It’s the 1930s, and you’re a reporter in a Budapest newsroom. You’ve got to finish your story to get it in the evening edition, but you can barely make sense of your notes. Your fountain pen has left blots and smudges everywhere, and your editor is running out of patience. Then one of your colleagues, journalist László Bíró, rushes in with something unexpected: not a scoop, but a tool. A tiny invention he swears could change writing forever – starting with your deadline.
The ballpoint pen was born from impatience. Fountain pens were elegant, yes, but also moody: they leaked in pockets, blotted on paper, scratched when they were dry and smudged when they weren’t. No wonder frustrated inventors kept searching for something better.
Bíró’s breakthrough was to pair quick-drying ink with a tiny rotating ball, a design he patented with his brother György, a chemist. The two emigrated to Argentina to escape the war, and there began mass-producing what quickly became known simply as the “Biro”. From there, the ballpoint pen spread fast, refined by brands like Parker and Bic, until it became so common it vanished into the background.
But hidden in every “ordinary” ballpoint pen is something extraordinary: the tip itself. A tungsten carbide ball, often less than a millimetre wide, spins in a cradle engineered to microscopic tolerances. Too much ink and it smears, too little and it scratches. Get it right, and the line glides across the page without a second thought. A tiny mechanism that must run as smoothly as a Swiss watch, except it writes essays instead of telling the time.
Switzerland has become one of the quiet capitals of this invisible craft. Since the 1960s, billions of ballpoint pen tips have rolled out of Cadempino and into writing systems around the world – from the branded pen you casually borrow at a reception desk, to the one you quietly steal from a colleague’s desk, to the one you receive at the flashy new launch party.
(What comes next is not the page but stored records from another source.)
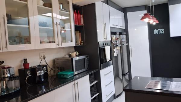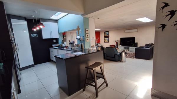 The home boasts 4 generously sized bedrooms with built-in cupboards, 3 bathrooms, and a guest toilet. The living space includes a welcoming lounge and a fully fitted kitchen, ideal for family living and entertaining.
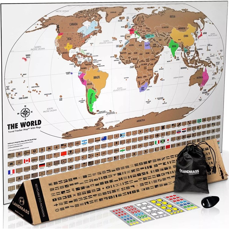 Landmass Scratch Off Map Of The World - Premium World Map Poster with Flags - Deluxe T...
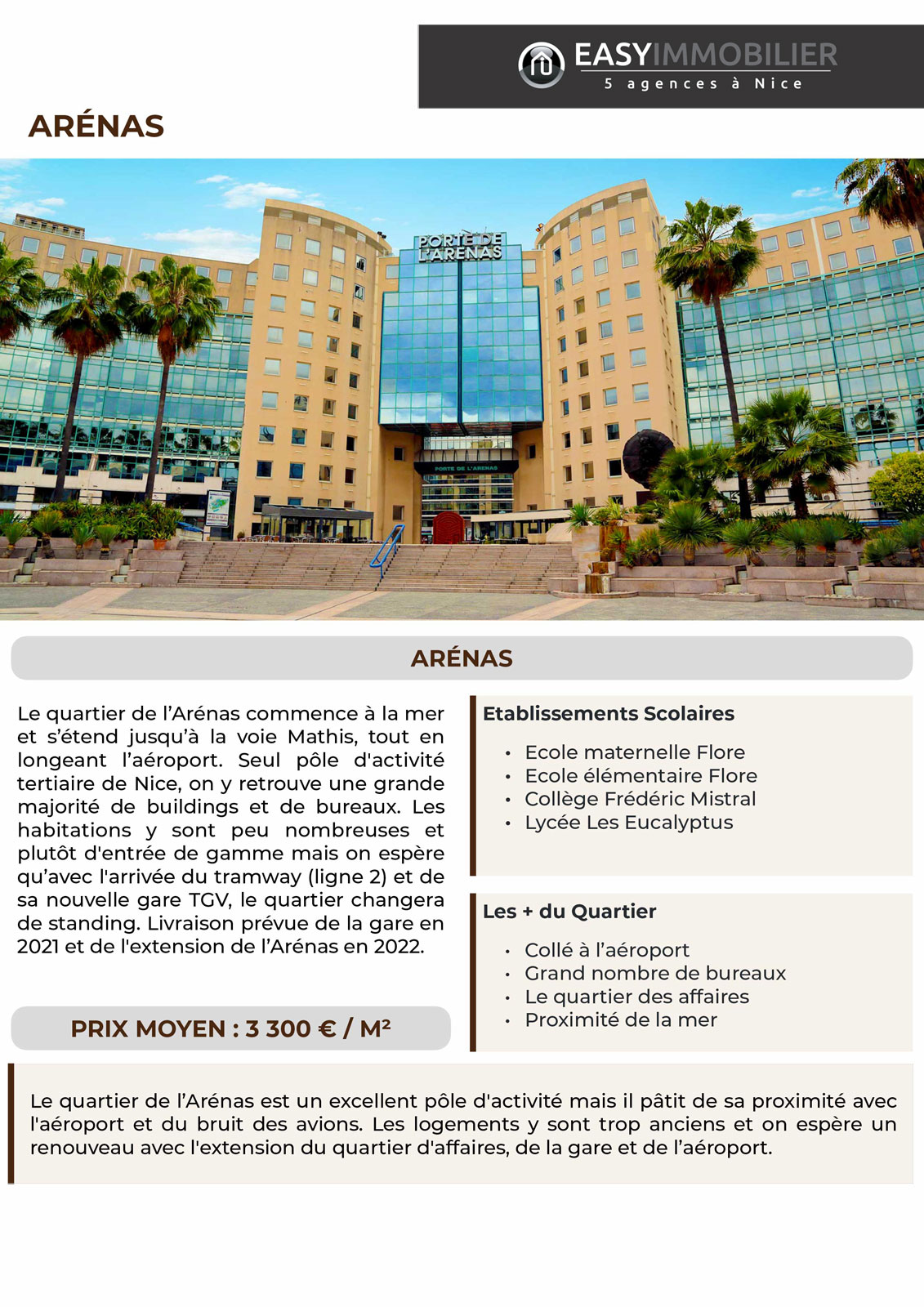 Le quartier de l’Arénas commence à la mer et s’étend jusqu’à la voie Mathis, tout en longeant l’aéroport.

Much of that precision comes from Premec, part of the same Pagani Pens family as Prodir, whose tips and refills quietly power writing for countless pens worldwide.

The demands are higher than you’d think: lead-free inks that won’t fade, pen refills that can be replaced instead of thrown away, and a writing experience that starts instantly and stays consistent to the very last word.
That’s where Prodir comes in. We were the first in the promotional market to make every model a refillable pen, because if the tip and refill are this good, your pen deserves another life. Our Floating Ball® Lead free refills are designed for that balance: smooth, indelible, never scratchy or blotty. The result? A writing system you barely notice – which is exactly the point.
So next time you sign your name or scribble a reminder, pause for a second. That smooth line exists because of a ball smaller than a poppy seed, turning freely in its tiny cradle. The most ordinary thing in the world – and one of the most extraordinary.